Tester is approached by a rich white man named Robert Suydam, who offers to pay Tester an exorbitant amount of money
to play guitar at his party, and becomes ensnared in a supernatural mystery that leads him to the edge of reality. From this
precipice, Tester reinvents himself as Black Tom, an omnipotent sorcerer who exacts revenge against those (Caucasians)
who have murdered his father and discriminated against him his entire life.

The Ballad of Black Tom is LaValle’s homage to H.P. Lovecraft, one of the most significant horror writers of the 20th
Century. LaValle dedicates the novel to Lovecraft, yet in the dedication he makes clear that he does so with “conflicted
feelings,” a reference to his disdain for Lovecraft’s racist worldview. Lovecraft often focused his fictions on dark energies or
horrors symbolizing fear, and his fear of the “other” is a common recurrence in both his fictions and other writings (see, for
example, his poem “On The Creation of Niggers” for more on that). LaValle’s take on Lovecraft proves to be a tightly
woven, mind-bending journey into a rich world that Lovecraft’s bigotry prevented him from creating.

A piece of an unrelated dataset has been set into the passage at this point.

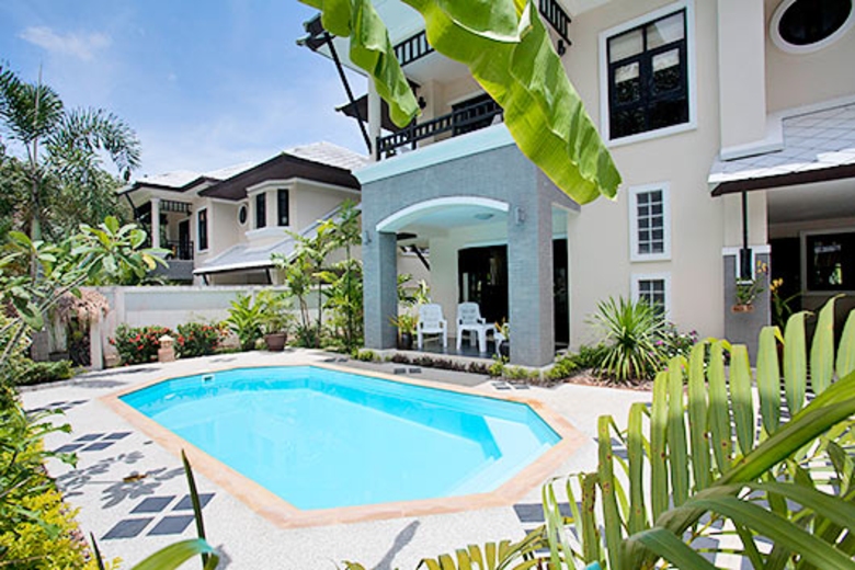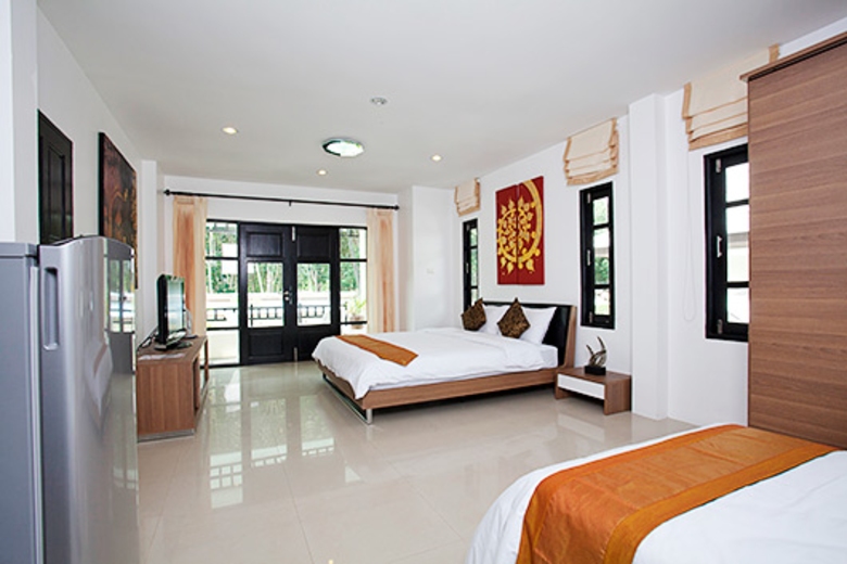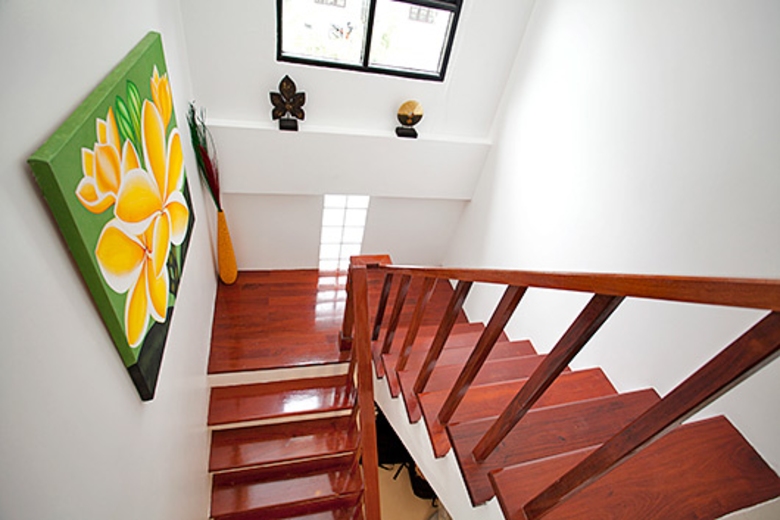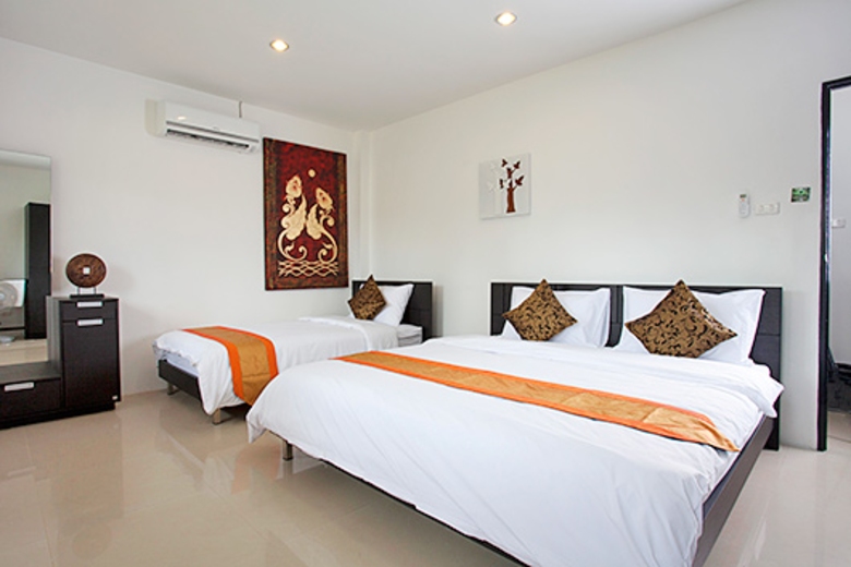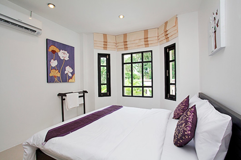 BedroomsThere are three beautifully appointed bedrooms in Baan Santhiya 2 that can sleep 8 persons in total. All three bedrooms have double beds, air-conditioning and ensuite bathroom facilities. This is a great holiday rental option for families because two of the bedrooms also have a single bed apiece. The Master bedroom also has its own flat-screen TV.

With The Ballad of Black Tom, LaValle re-appropriates Lovecraftian horror to convey the pain of the black experience in
America. In shifting the source of cosmic terror from bigoted misanthropy to racial injustice, LaValle relocates a nihilistic
phenomenon inside a sociopolitical trauma that has recently gripped American society.

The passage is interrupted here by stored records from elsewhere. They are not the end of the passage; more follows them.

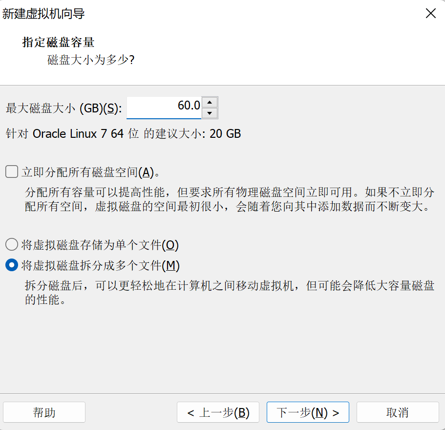 立即分配磁盘空间不要勾上,因为不勾上的话,不会立即分配60GB,会随我们使用的多少来分配.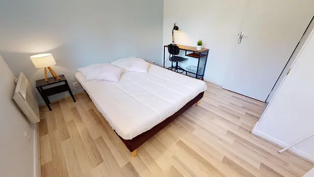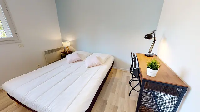 La chambre 4 de 11m2 adjacente à la salle de bain est entièrement équipée et aménagée : lit double, bureau, chaise et placard de rangement !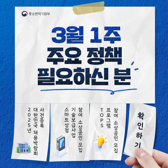 중소기업·소상공인을 위한 주요 정책 필요하신 분!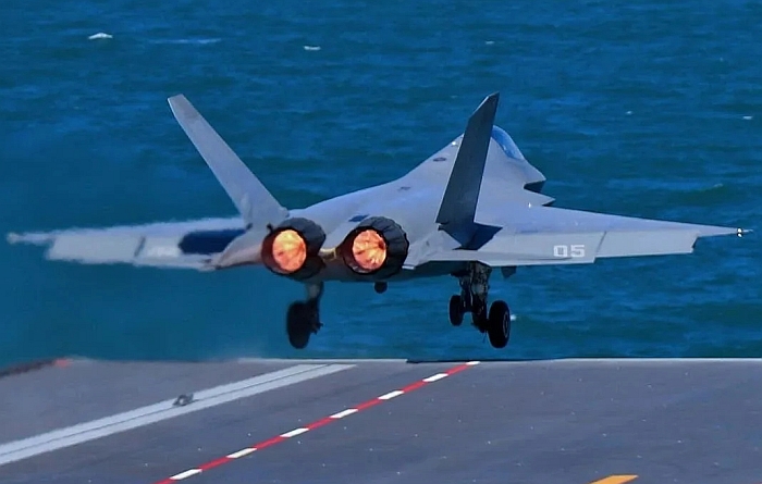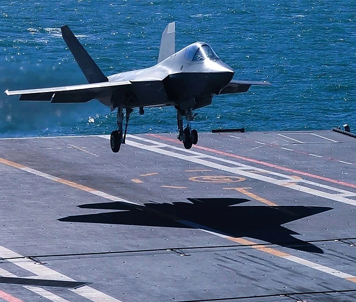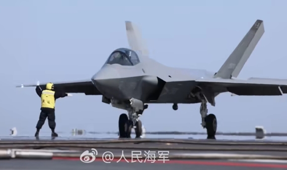 的畫面。此為殲-35戰鬥機艦載版著艦。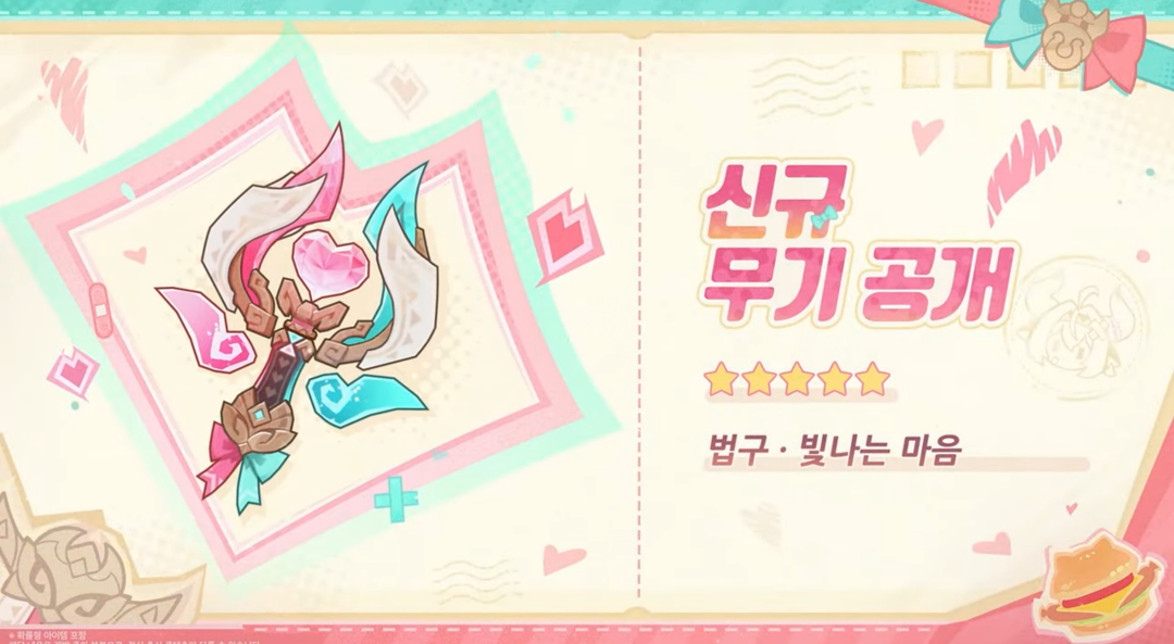 신규무기는 바레사의 전용무기 '빛나는 마음'이 전반부에 있습니다.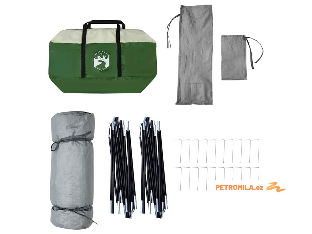 Odolná taffetová látka: Tento stan je vyroben z lehkého a pevného taffetového materiálu, který je trvanlivý a větruvzdorný. Ideální do teplého počasí, kombinace prodyšnosti a ochrany zajišťuje pohodlí po celé dny. Kompletní sada komponentů: Všechny potřebné věci pro snadné postavení stanice. S tyčemi pro stabilitu, šňůrami pro upevnění a kolíky, aby vše drželo na místě. Nosný vak usnadňuje transport a uskladnění. Každý prvek je důležitý pro funkčnost stanu. Funkční vlastnosti: Stan má moderní design s dvojitými zipovými dveřmi pro snadný přístup. Jedinečný E-port design zajišťuje elektrické připojení, což umožňuje pohodlné používání zařízení i na odlehlých místech. Uvnitř je užitečný háček na zavěšení pro skladování světel nebo vybavení. Všestranné využití: Vhodný jak pro rodinné akce, tak pro dobrodružné kempování. Obsahuje až tři místnosti pro různé velikosti skupin, takže zaručuje pohodlí v různých venkovních prostředích. Jednoduchá údržba: K montáži potřebujete základní nářadí jako paličku a dvě osob. Aby dlouho vydržel, je důležité stan důkladně osušit před uschováním, aby se předešlo plísním. Pravidelné kontroly zipů a spojení prodlouží jeho životnost.- Barva: Zelená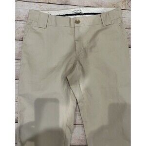 These Banana Republic Martin Crop Chino Pants in beige are a stylish and versatile option for women in size 10. Made with a blend of spandex and cotton, these pants feature a relaxed fit and straight leg style, perfect for casual occasions or travel. The slit ankle hem adds a trendy touch to these mid-rise pants, making them a chic choice for the city or preppy-inspired outfits in the summer, fall, or spring seasons. Easy to care for with machine washable instructions, these pants also offer comfort and stretch for all-day wear. 32 inch waist, 10.5 inch rise and 22 inch seam. Smoke free home.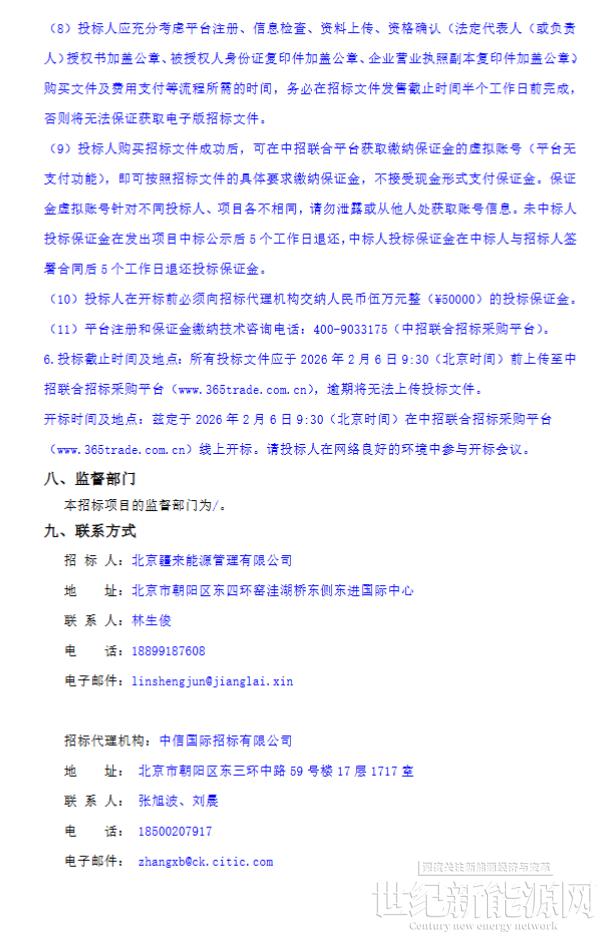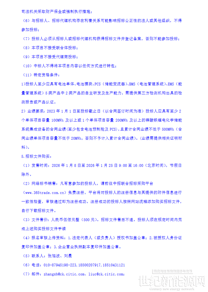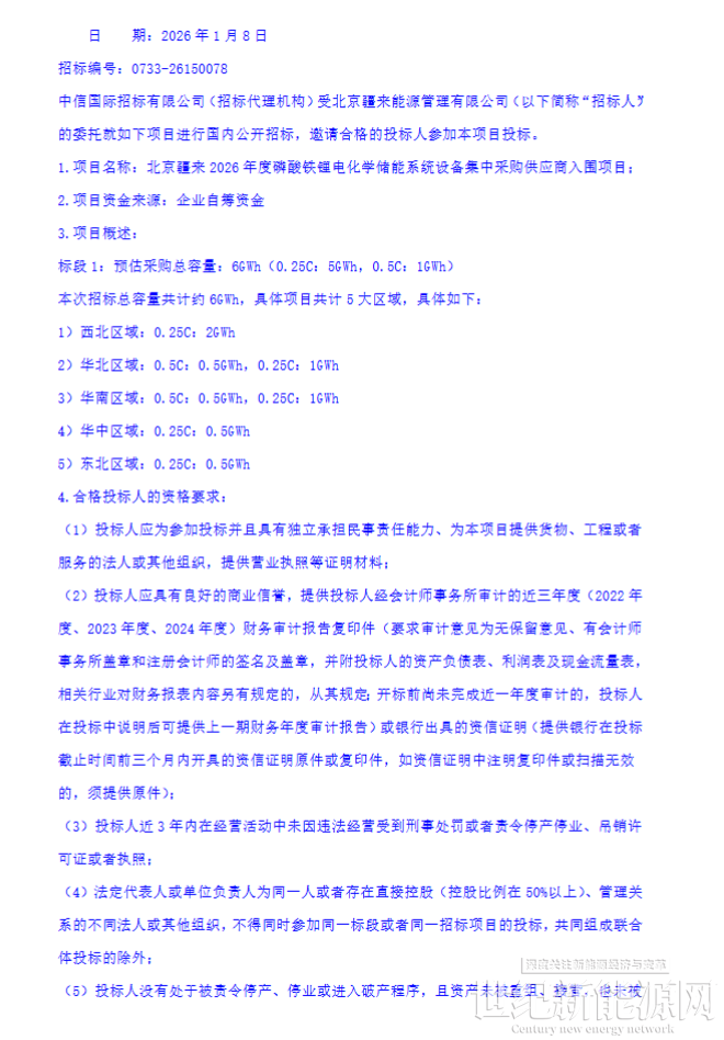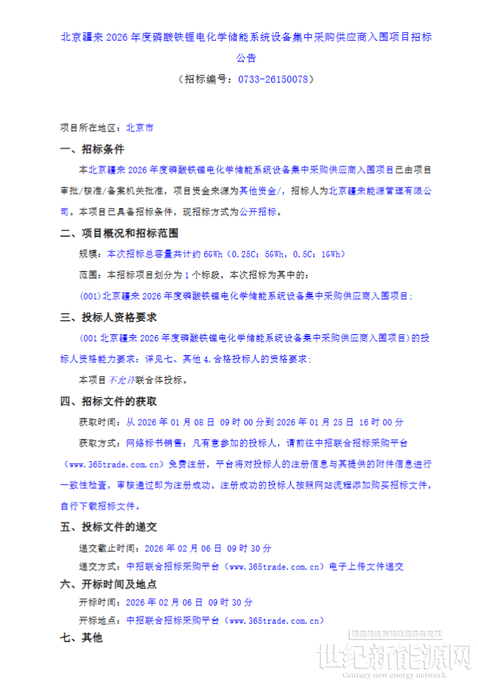 1月8日,北京疆来2026年度磷酸铁锂电化学储能系统设备集中采购供应商入围项目-公开招标公告发布。

Tommy Tester gravitates toward dark magic to seek racially motivated vengeance, and finds that this energy, though
frighteningly evil, gives him more power than a black man in the early 20th century could have ever had. This brilliant
inversion of Lovecraftian horror is the primary way in which Black Tom succeeds in being an excellent novel as well as an
excellent horror novel.
LaValle’s prose shines when he enters the world of the truly fantastic. His equally evocative descriptions of emotions and
supernatural phenomena illustrate just how surreal real life experiences can be. LaValle’s description of Tommy’s reaction
to his father’s murder, for example: “Inwardly he felt the sun close its distance from the earth; it came near enough to melt
the great majority of Tommy’s internal organs. A fire ran through his body…”
This description comes shortly after a scene in Suydam’s mansion: “the windowpanes took on the color, and apparent
depth, of the sea. It was as if Tommy Tester and Robert Suydam, standing in this room, in this mansion, in the city, were
also peering down at distant waters elsewhere on the globe.” Though Black Tom does have moments of cliché (“mystery
lingered in the air like the scent of the scorched book”), these moments are few and far between. The vast majority of
LaValle’s prose is as powerful as it is imaginative.

The Ballad of Black Tom is a gorgeous Mobius strip of a novel that uses magic, horror, and history to create a lens through
which the injustices of the modern day are alarmingly evident. In completely departing from “literary” fiction, Victor LaValle
has shown us just how resonant “genre” fiction can be.